Recovering from missing-grant errors

When a request fails because the user hasn't authorized the provider yet, the SDK exposes recovery context on the typed error so you can drive a re-consent flow without re-deriving anything from the call site:

from alter_sdk import NoDelegatedGrantError

try:
    await vault.request(provider="<provider-id>", user_token=jwt, url=..., method=...)
except NoDelegatedGrantError as e:
    session = await vault.create_connect_session_for_error(
        e,
        allowed_origin="https://app.example.com",
    )
    # Surface session.connect_url to the user — popup, redirect,
    # out-of-band message, whatever your framework does.
    results = await vault.poll_connect_session(session.session_token)
    # Retry with the freshly-minted grant_id.
    response = await vault.request(grant_id=results[0].grant_id, url=..., method=...)

create_connect_session_for_error and poll_connect_session are available on both App and Agent so the catch block can recover from whichever client raised.

NoDelegatedGrantError and GrantNotFoundError carry provider_id / agent_id / app_user_id recovery context when the original lookup was identity-mode; CredentialRevokedError carries provider_id / app_user_id. See the error reference for the full surface.

Onward delegation (agent to agent)

An agent that holds a grant can hand a scoped-down copy to another agent — without asking the credential owner to consent again. Use agent.delegate() to mint a child grant for the second agent:

from alter_sdk import Agent, GrantNotDelegableError

agent = Agent(api_key="<agent-api-key>")

try:
    result = await agent.delegate(
        "<grant-id>",              # a grant this agent already holds
        "<other-agent-id>",        # the agent that should receive access
        scope_constraint=["chat:write"],   # optional: narrow to fewer scopes
        ttl_seconds=3600,                  # optional: shorten the lifetime
        delegable=False,                   # may the recipient delegate onward? (default no)
    )
    print(result.grant_id, result.depth, result.expires_at)
except GrantNotDelegableError:
    # The held grant was not marked delegable when it was created,
    # so it cannot be passed on. Ask the owner for a delegable grant.
    ...

The held grant must have been created as delegable (chosen at connect time). The child can only narrow — fewer scopes, a shorter lifetime — never widen. A grant narrowed with scope_constraint is proxy-only: call it with agent.proxy_request(...). Onward delegation is opt-in at every hop: pass delegable=True only when the recipient should be allowed to delegate further.

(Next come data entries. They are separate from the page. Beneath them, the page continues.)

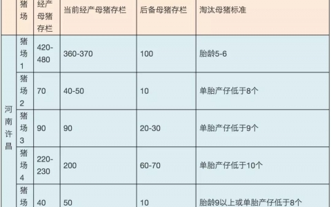 多数受访猪场和当地母猪存栏都是稳中有降;同样,多数受访者的育肥猪都不满栏。调减存栏的方式是提高母猪淘汰标准,5-6胎后就开始淘汰(行情好的时候7-8是常事),更多的做法是:不管产了几胎,只要产仔数低于预计的标准水平就进行淘汰,且淘汰标准比去年明显提高。此外相当多受访猪场都不留后备。这样母猪存栏结构得到优化,平均胎龄一般在3-4胎。这样实际的母猪繁育能力在整体上并未受到太大影响,一旦行情好转,可以迅速扩繁育肥。
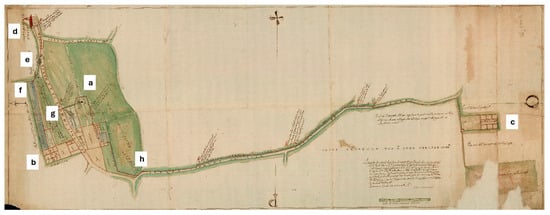 Drawing by Ercole Peretti from 1625 (A.S.VE. Beni Inculti—Verona, rot. 74, mazzo 64, dis. 5): a. Villa Giusti-Puttini; b. palace of Zenovello; c. Villa Giusti-Melloni in Vendri; d. Church of St. Mary; e. wash house of Santa Maria in Stelle; f. fishpond of Zenovello; g. park of palace of Zenovello; and h. water exit from the property of Vinciguerra di Sanbonifacio.
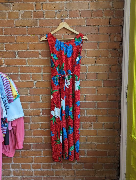 1990s Thums Up Red Hibiscus Print Maxi Dress
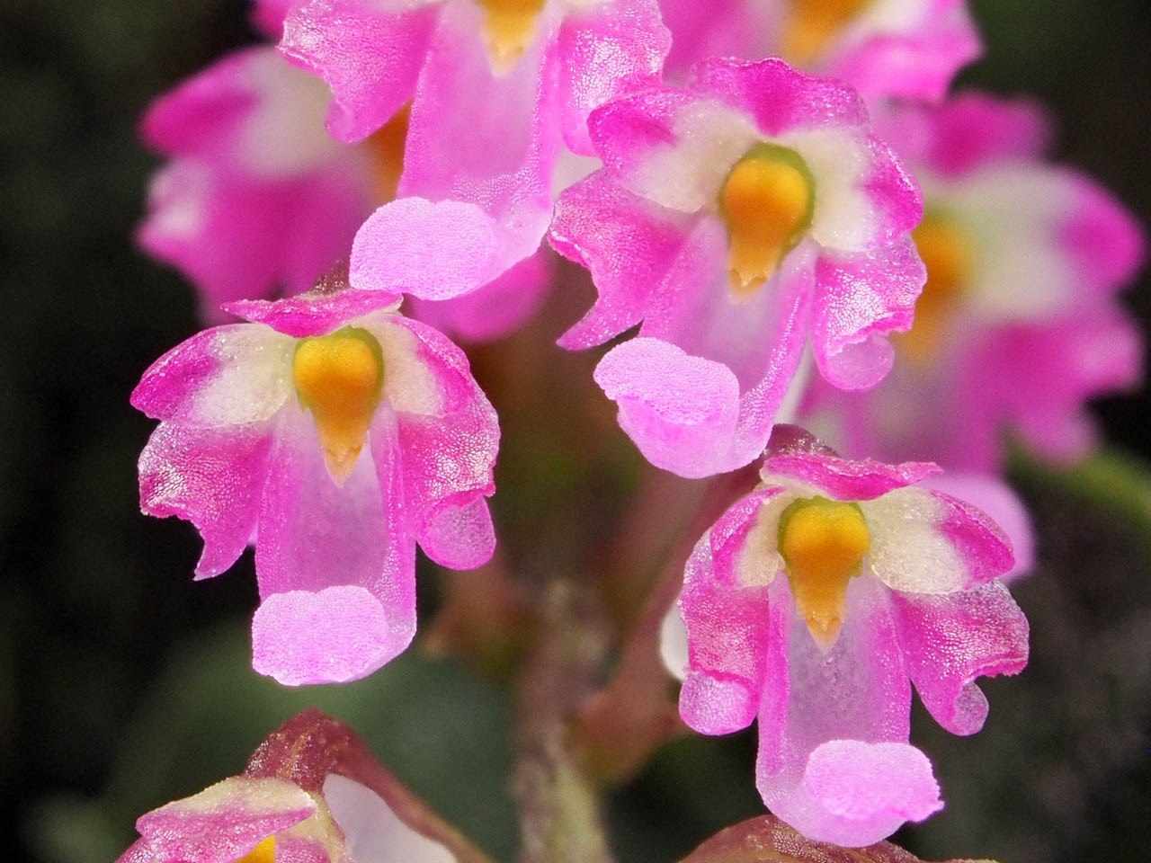 • 花序顶生,花朵较小但色彩鲜艳,花瓣与萼片相似,唇瓣特化成匙状
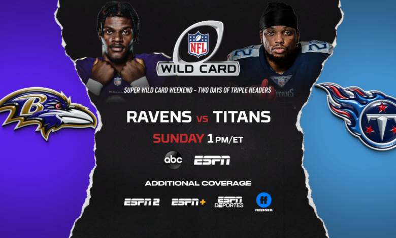 - ESPN has announced an NFL Wild Card MegaCast that’ll span a variety of channels all offering unique analysis and commentary on the Baltimore Ravens vs Tennessee Titans Wild Card game this Sunday.
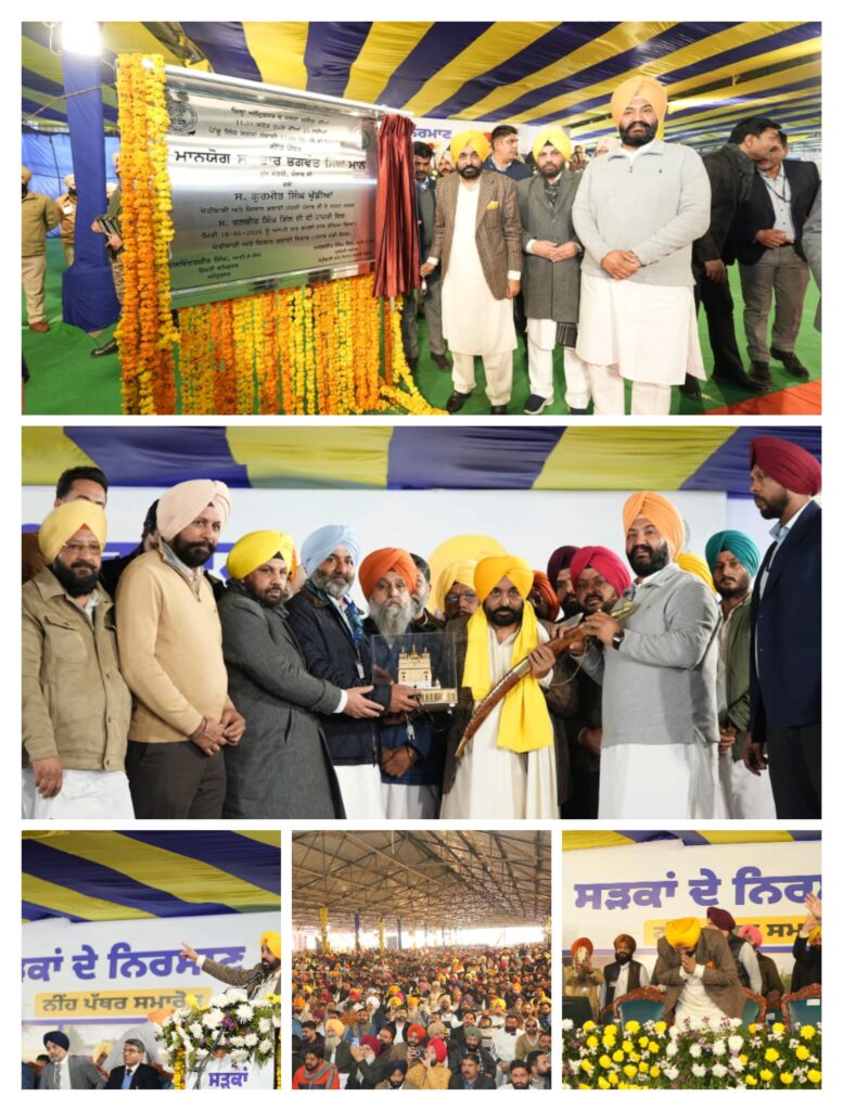ਮਜੀਠਾ (ਅੰਮ੍ਰਿਤਸਰ), 18 ਜਨਵਰੀ:-;ਪੰਜਾਬ ਦੇ ਮੁੱਖ ਮੰਤਰੀ ਭਗਵੰਤ ਸਿੰਘ ਮਾਨ ਨੇ ਅੱਜ ਇੱਥੇ ਮਜੀਠਾ ਵਿਖੇ ਸੂਬਾ ਪੱਧਰੀ ਸਮਾਗਮ ਦੌਰਾਨ 23 ਪੇਂਡੂ ਲਿੰਕ ਸੜਕਾਂ ਦਾ ਨੀਂਹ ਪੱਥਰ ਰੱਖਦਿਆਂ ਐਲਾਨ ਕੀਤਾ ਕਿ ਪੰਜਾਬ ਵਿੱਚ ਖੌਫ਼ ਦਾ ਦੌਰ, “ਪਰਚੀ ਦਾ ਦੌਰ” (ਜਬਰੀ ਵਸੂਲੀ) ਅਤੇ ਅਕਾਲੀਆਂ ਦੀ ਧੱਕੇਸ਼ਾਹੀ ਦਾ ਦੌਰ ਖਤਮ ਹੋ ਗਿਆ ਹੈ। ਮੁੱਖ ਮੰਤਰੀ ਨੇ ਕਿਹਾ ਕਿ ਸੂਬੇ ਦੇ ਲੋਕਾਂ ਨੇ ਡਰਾਉਣ-ਧਮਕਾਉਣ ਵਾਲੀ ਸਿਆਸਤ ਨੂੰ ਪੂਰੀ ਤਰ੍ਹਾਂ ਨਾਕਾਰ ਦਿੱਤਾ ਹੈ ਅਤੇ ਵਿਕਾਸ, ਜਵਾਬਦੇਹੀ ਤੇ ਲੋਕ ਭਲਾਈ ‘ਤੇ ਕੇਂਦਰਿਤ ਮਾਡਲ ਨੂੰ ਅਪਣਾਇਆ ਹੈ।
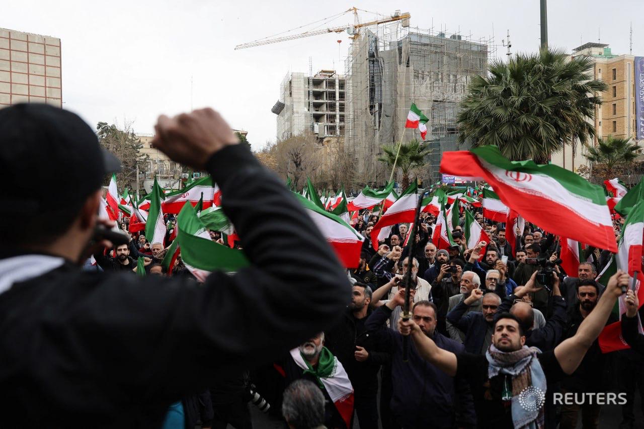 «Ни компромиссов, ни капитуляции — борьба с Америкой»: скандируют демонстранты на митинге в поддержку руководства страны в Тегеране.
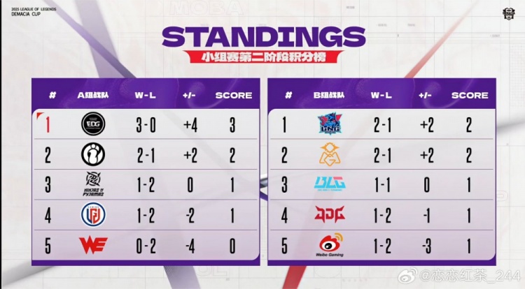 直播吧12月23日讯德玛西亚杯小组赛已进行了部分赛程,A组edg一骑绝尘、B组已达成闭环;

agent.list_grants() returns each grant with parent_grant_id (the grant it was minted under, or None for a root) and depth (its distance from the root), so the full delegation chain can be reconstructed from the flat list.

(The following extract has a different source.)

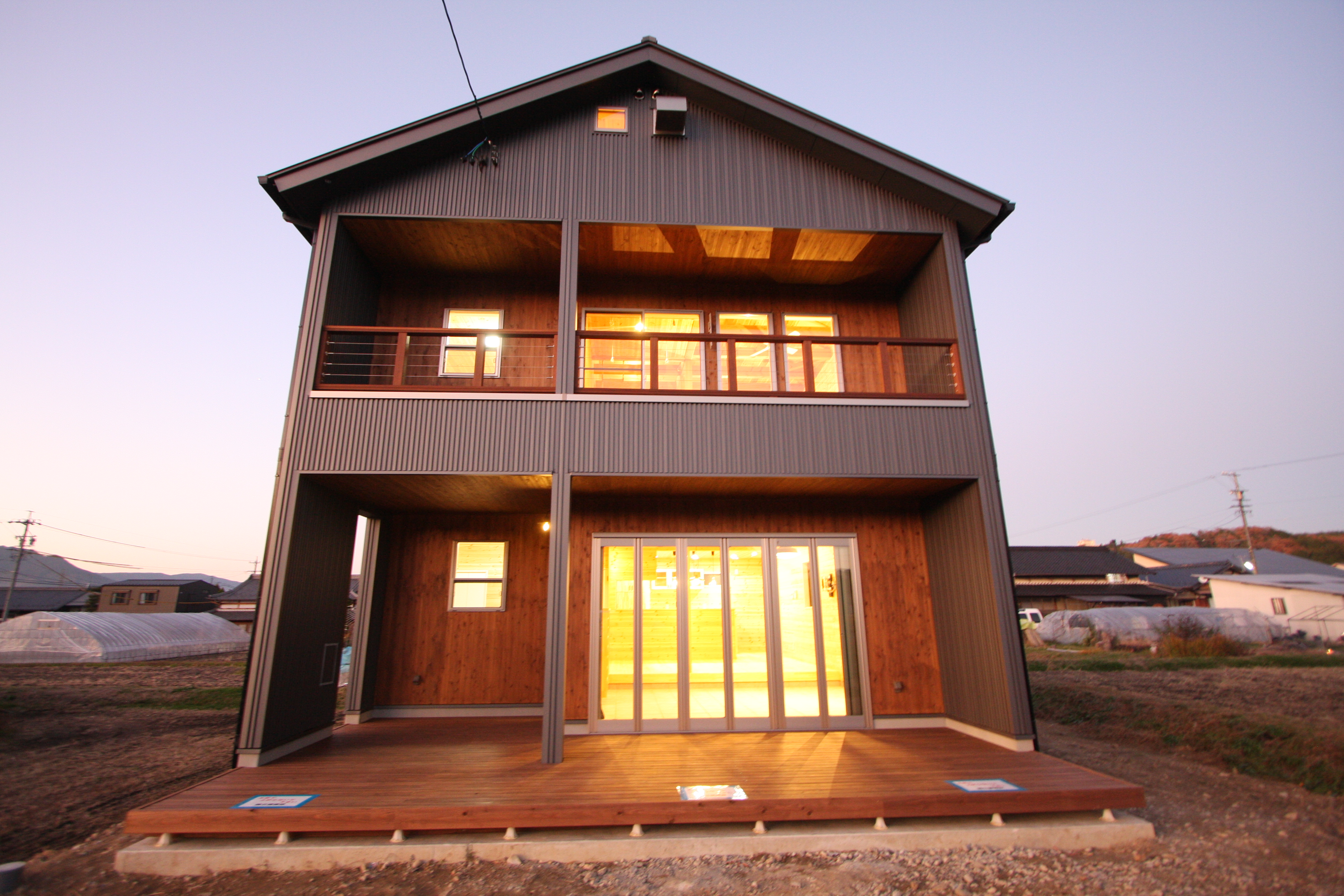 外観の正面は木を壁に貼り、ウッドデッキも造りました。

OpenTelemetry trace propagation

When the application runs an OpenTelemetry SDK, Alter requests automatically carry the active span's W3C traceparent, so the audit trail — and any spans the organization streams to its own OTLP collector — join the application's traces. No configuration is required and opentelemetry is never installed by the SDK itself — it uses whatever OpenTelemetry the application installed; without it (or without an active span) the SDK behaves exactly as before. (The optional alter-sdk[otel] extra is available to record the supported opentelemetry-api version range in the application's dependency tree.)

from opentelemetry import trace

tracer = trace.get_tracer("the-application")

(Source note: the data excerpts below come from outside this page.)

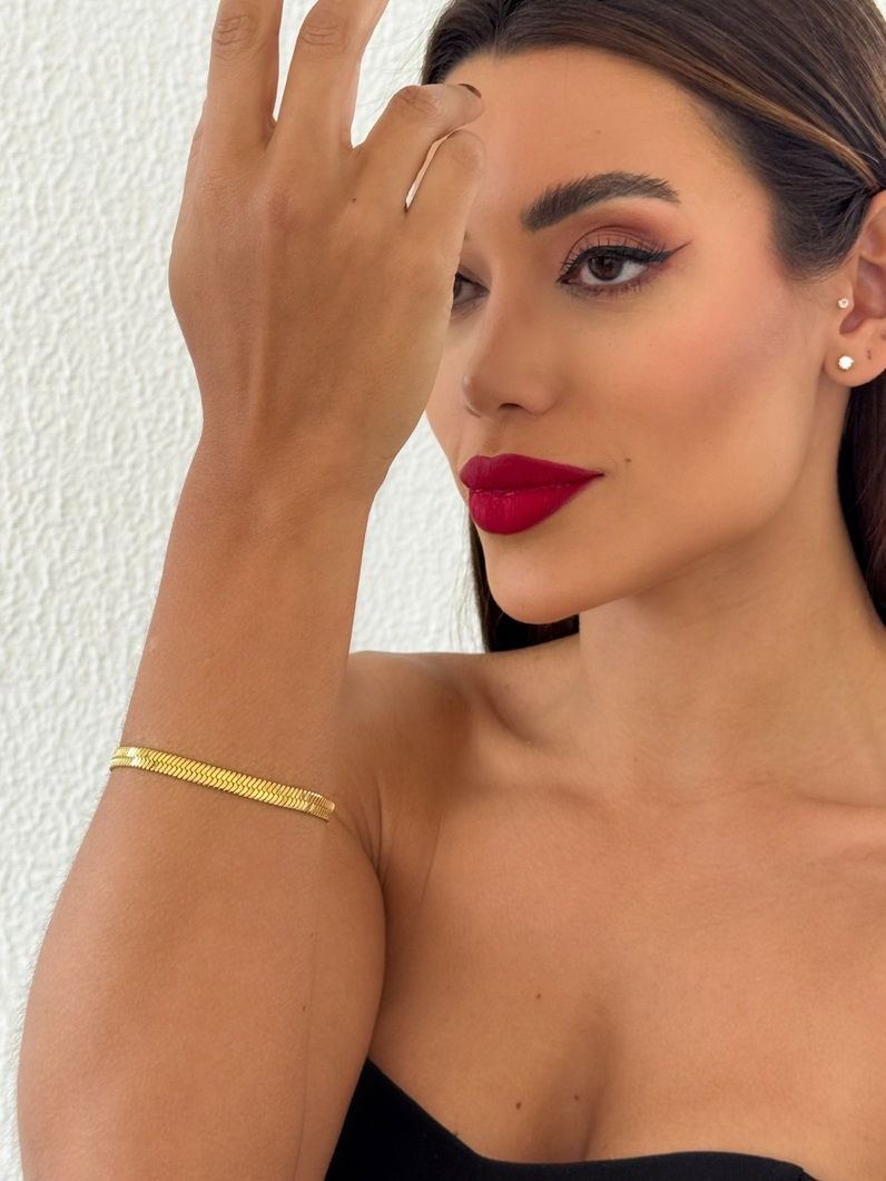 Pulseira Aço Inoxidável Folheada a Ouro 18k Fita Laminada
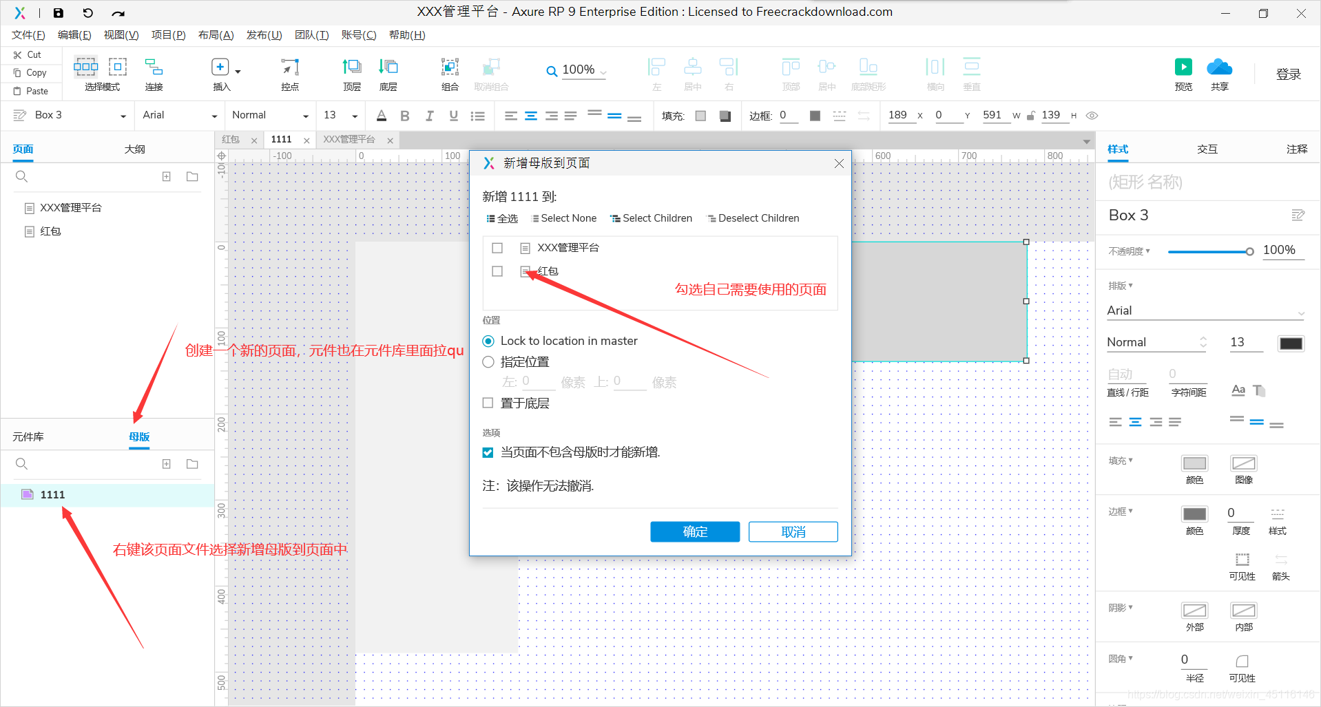 作用:风格的统一、元件的复用,每个页面都可以直接使用母版内的东西
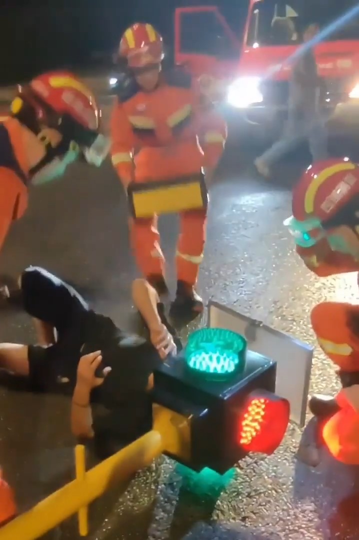 A Chinese man got his head stuck in a temporary traffic light after crashing his electric scooter. It took 40 minutes for the emergency services to free him.pic.twitter.com/l5uc49UJi7

# Inside an async function; `vault` from the quick start above.
with tracer.start_as_current_span("handle-user-request"):
    # This call's audit events share the surrounding trace's ids.
    response = await vault.request(HttpMethod.GET, url, grant_id=grant_id)

Documentation

Full docs are at https://docs.alterauth.com.

Topic Page
Getting started end-to-end Quickstart
The mental model How Alter works
Calling APIs on behalf of users (OAuth + JWT) Guide
Identity provider setup Auth0 / Clerk / Okta / WorkOS / Custom OIDC
Provisioning backend secrets Guide
Scoped credentials for AI agents Guide
Human-in-the-loop approvals Guide
OpenTelemetry trace propagation Calling APIs
Runtime modes (retrieve vs proxy) Concept
Integrating with Claude Code (MCP) Guide
Per-method API reference Python SDK reference
Errors Error reference

License

MIT. See LICENSE.

Support

Email founders@alterauth.com or open an issue at https://github.com/alter-ai/alter-vault.

Project details


Download files

Download the file for your platform. If you're not sure which to choose, learn more about installing packages.

Source Distribution

alter_sdk-0.20.0.tar.gz (206.6 kB view details)

Uploaded Source

Built Distribution

If you're not sure about the file name format, learn more about wheel file names.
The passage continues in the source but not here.